[Source records]
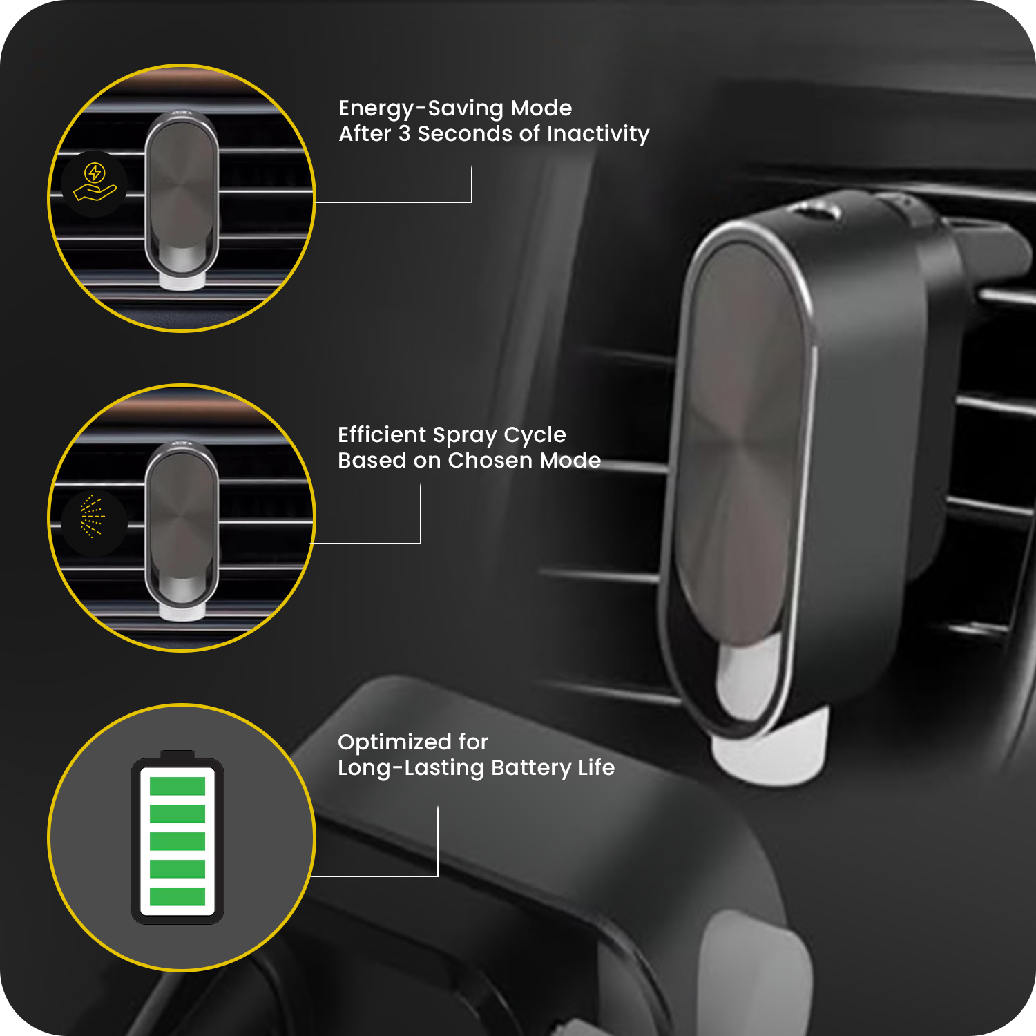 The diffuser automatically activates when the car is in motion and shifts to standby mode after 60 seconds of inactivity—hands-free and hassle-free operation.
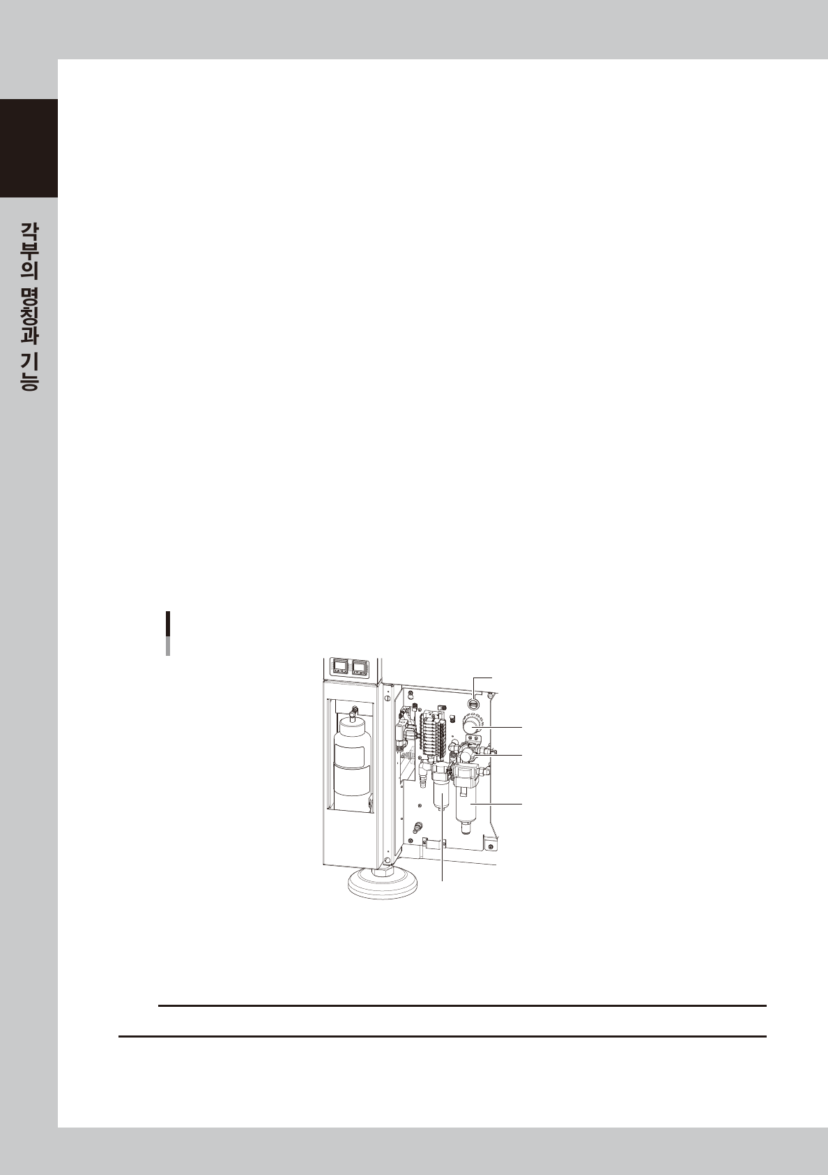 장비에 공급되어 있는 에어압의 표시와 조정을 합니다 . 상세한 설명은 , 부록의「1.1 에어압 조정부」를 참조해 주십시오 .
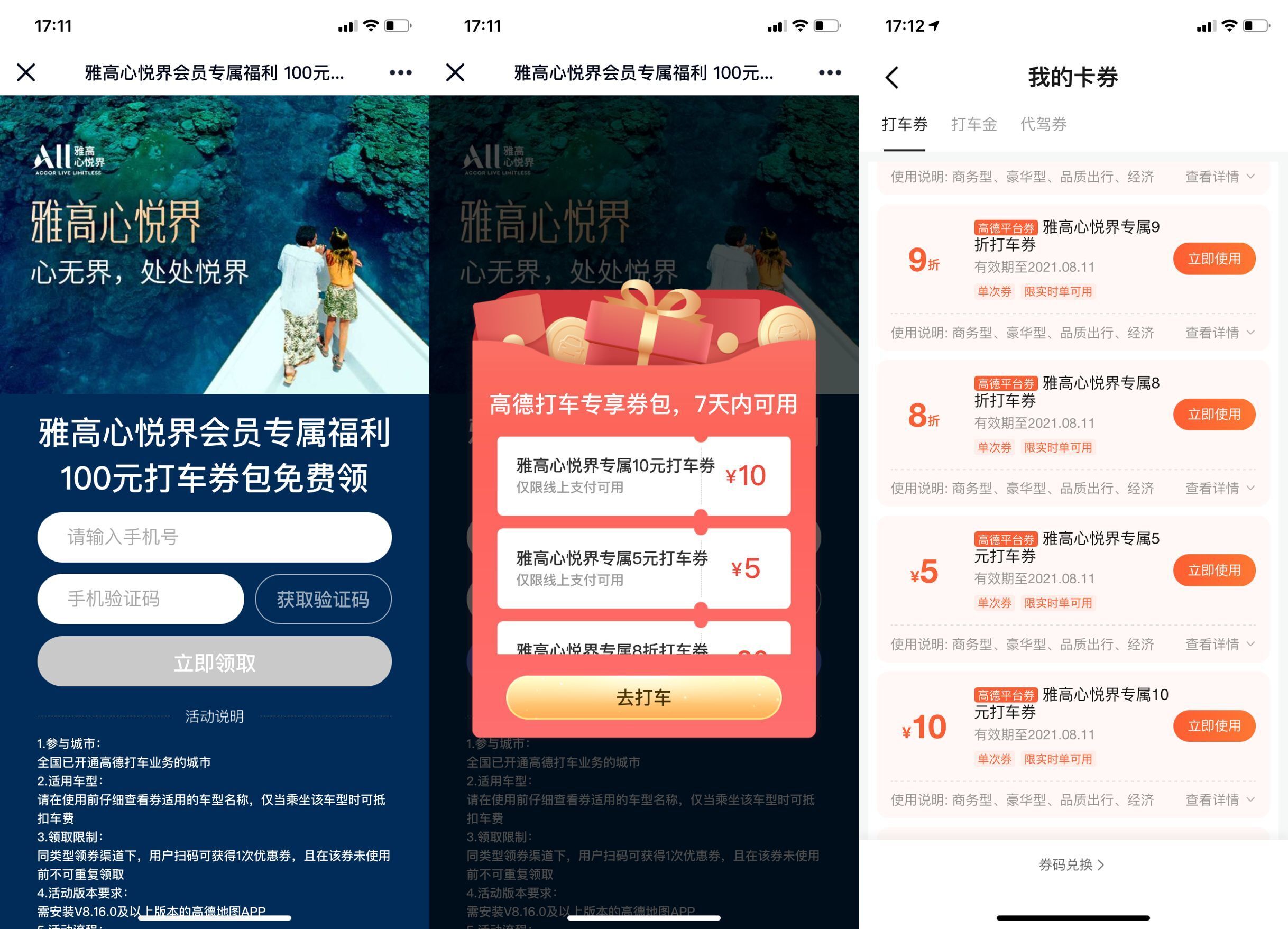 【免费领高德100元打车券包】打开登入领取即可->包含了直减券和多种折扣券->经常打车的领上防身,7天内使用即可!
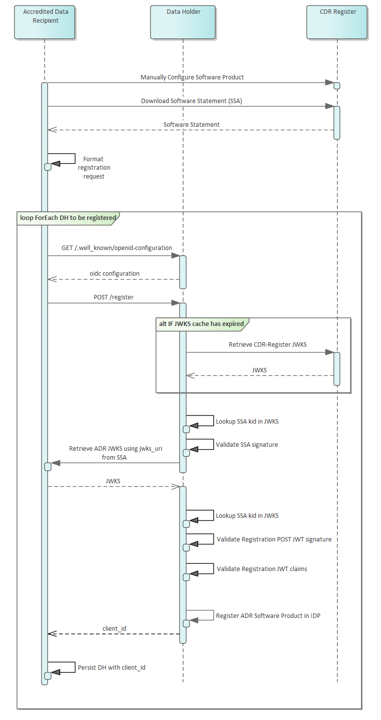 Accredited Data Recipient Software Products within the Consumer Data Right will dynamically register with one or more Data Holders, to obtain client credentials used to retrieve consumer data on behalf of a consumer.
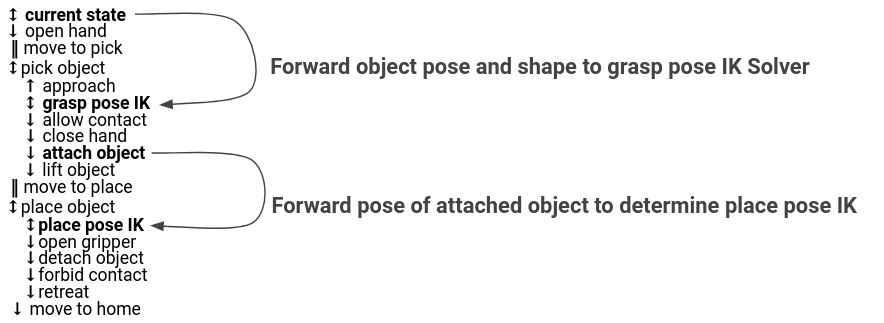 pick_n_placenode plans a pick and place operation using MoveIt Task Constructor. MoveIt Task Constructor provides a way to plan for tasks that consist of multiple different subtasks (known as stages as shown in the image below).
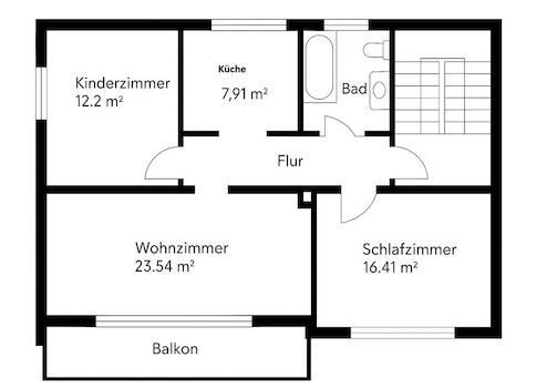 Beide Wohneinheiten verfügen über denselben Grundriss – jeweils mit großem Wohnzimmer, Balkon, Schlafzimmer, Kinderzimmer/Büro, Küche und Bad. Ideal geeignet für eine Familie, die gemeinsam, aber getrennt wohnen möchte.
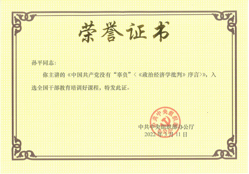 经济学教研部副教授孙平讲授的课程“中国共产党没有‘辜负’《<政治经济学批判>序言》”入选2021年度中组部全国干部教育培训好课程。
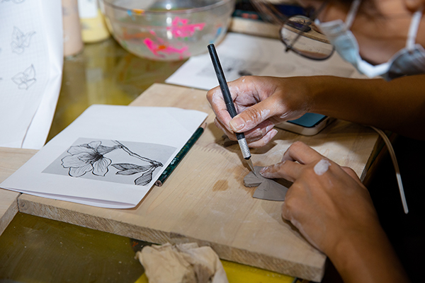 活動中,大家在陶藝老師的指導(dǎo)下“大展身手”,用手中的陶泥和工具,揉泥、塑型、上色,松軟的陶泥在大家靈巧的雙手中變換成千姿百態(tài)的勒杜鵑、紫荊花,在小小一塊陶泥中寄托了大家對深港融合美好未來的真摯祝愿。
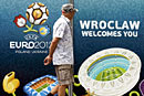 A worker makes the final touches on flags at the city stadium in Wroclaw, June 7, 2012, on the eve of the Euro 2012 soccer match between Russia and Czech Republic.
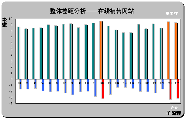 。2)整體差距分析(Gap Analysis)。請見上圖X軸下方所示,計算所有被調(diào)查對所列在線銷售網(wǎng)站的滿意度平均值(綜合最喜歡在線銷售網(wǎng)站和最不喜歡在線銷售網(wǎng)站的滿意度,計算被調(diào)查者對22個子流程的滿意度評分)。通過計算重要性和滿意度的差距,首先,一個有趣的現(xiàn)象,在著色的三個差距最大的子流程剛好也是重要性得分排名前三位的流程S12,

- **Instructions to follow**
Output the records exactly, please. The pictures are not part of the copy.

- **Response to this exercise**
 The diffuser automatically activates when the car is in motion and shifts to standby mode after 60 seconds of inactivity—hands-free and hassle-free operation.
 장비에 공급되어 있는 에어압의 표시와 조정을 합니다 . 상세한 설명은 , 부록의「1.1 에어압 조정부」를 참조해 주십시오 .
 【免费领高德100元打车券包】打开登入领取即可->包含了直减券和多种折扣券->经常打车的领上防身,7天内使用即可!
 Accredited Data Recipient Software Products within the Consumer Data Right will dynamically register with one or more Data Holders, to obtain client credentials used to retrieve consumer data on behalf of a consumer.
 pick_n_placenode plans a pick and place operation using MoveIt Task Constructor. MoveIt Task Constructor provides a way to plan for tasks that consist of multiple different subtasks (known as stages as shown in the image below).
 Beide Wohneinheiten verfügen über denselben Grundriss – jeweils mit großem Wohnzimmer, Balkon, Schlafzimmer, Kinderzimmer/Büro, Küche und Bad. Ideal geeignet für eine Familie, die gemeinsam, aber getrennt wohnen möchte.
 经济学教研部副教授孙平讲授的课程“中国共产党没有‘辜负’《<政治经济学批判>序言》”入选2021年度中组部全国干部教育培训好课程。
 活動中,大家在陶藝老師的指導(dǎo)下“大展身手”,用手中的陶泥和工具,揉泥、塑型、上色,松軟的陶泥在大家靈巧的雙手中變換成千姿百態(tài)的勒杜鵑、紫荊花,在小小一塊陶泥中寄托了大家對深港融合美好未來的真摯祝愿。
 A worker makes the final touches on flags at the city stadium in Wroclaw, June 7, 2012, on the eve of the Euro 2012 soccer match between Russia and Czech Republic.
 。2)整體差距分析(Gap Analysis)。請見上圖X軸下方所示,計算所有被調(diào)查對所列在線銷售網(wǎng)站的滿意度平均值(綜合最喜歡在線銷售網(wǎng)站和最不喜歡在線銷售網(wǎng)站的滿意度,計算被調(diào)查者對22個子流程的滿意度評分)。通過計算重要性和滿意度的差距,首先,一個有趣的現(xiàn)象,在著色的三個差距最大的子流程剛好也是重要性得分排名前三位的流程S12,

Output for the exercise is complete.